I have several data related questions I am hoping to get answers to. I have a 4-week intervention (no control group) and all participants are given and pre and post test assessment consisting of two highly reliable, valid, and correlated measures (BAI and BDI). Here are the questions I am trying to answer:

  1. Is the observed difference in BAI / BDI scores between pre and post tests significant?
  2. Is the observed difference in BAI / BDI scores between pre and post test due to chance or my 4-week intervention?
  3. Does the number of sessions attended have an impact on the change between pre and post test scores (e.g. is there a magic # of weeks to attend, do only those who complete all 4 get significant change, etc.)

    (Note: I'm not sure this one is answerable from data but thought it wouldn't hurt to ask on here)

  4. Is there a way to tell if EXTENDING the intervention from 4 to 6 weeks would have an impact of improving post test scores?
  • $\begingroup$ You have no placebo, no control group, the number of sessions attended may be correlated with significant individual traits (dropout NOT at random)... You are going to have some hard time persuading folks that your anxiety/depression treatment works, and if it does this is not just because of Hawthorne effect... $\endgroup$ Commented Mar 29, 2013 at 19:28

1 Answer 1


1: This looks like a task for a paired t-test (assuming either normality or a big enough sample size). Note: this will compare the means. For investigating the probability that post is bigger than pre (depending on your needs, this may be a more relevant measure), you could try a probabilistic index model.

2: Since you don't have a control group, there's no telling whether your intervention had anything to do with the differences. At most, through Q3: if "more treatment" means better results, this may be indicative.

3: Create dummy variables representing number of sessions >0, >1, >2 and >3 (I'm assuming 1 session per week here). Now build a regression model having the differences as outcome and the dummies as covariates.

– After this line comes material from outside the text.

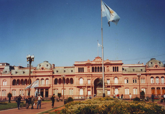 “以前我每天都要去沖浪,”哈姆向我介紹說,“隨身帶著暖水瓶,冷了就上來喝口馬黛茶,邊喝邊和同伴們聊天,一混就是一下午,日子過得可愜意了。現(xiàn)在不行了,剛買的這塊地有很多清理工作要做。”說話間車子駛過幾幢粉紅色的樓房,其中有幾幢還用鐵絲網(wǎng)圍了起來,在這片恬靜的草原上顯得格外突兀。“這些樓房就是當(dāng)年貝隆總統(tǒng)修建的。原來是給工人休假用的,現(xiàn)在變成了青少年夏令營基地。那幾幢圈起來的樓房則是阿根廷總統(tǒng)夏季的行宮。”

4: If you've found anything significant in Q3, then assuming your model is correct and will hold outside of the region investigated (this is a strong assumption), you can try and make statements on that. But look into the rest first. I'm going to be bold and say that you are likely to have not enough data to get solid results...

A final word of warning: you should really apply multiple testing correction (so don't just use the (arbitrary) 5% error levels).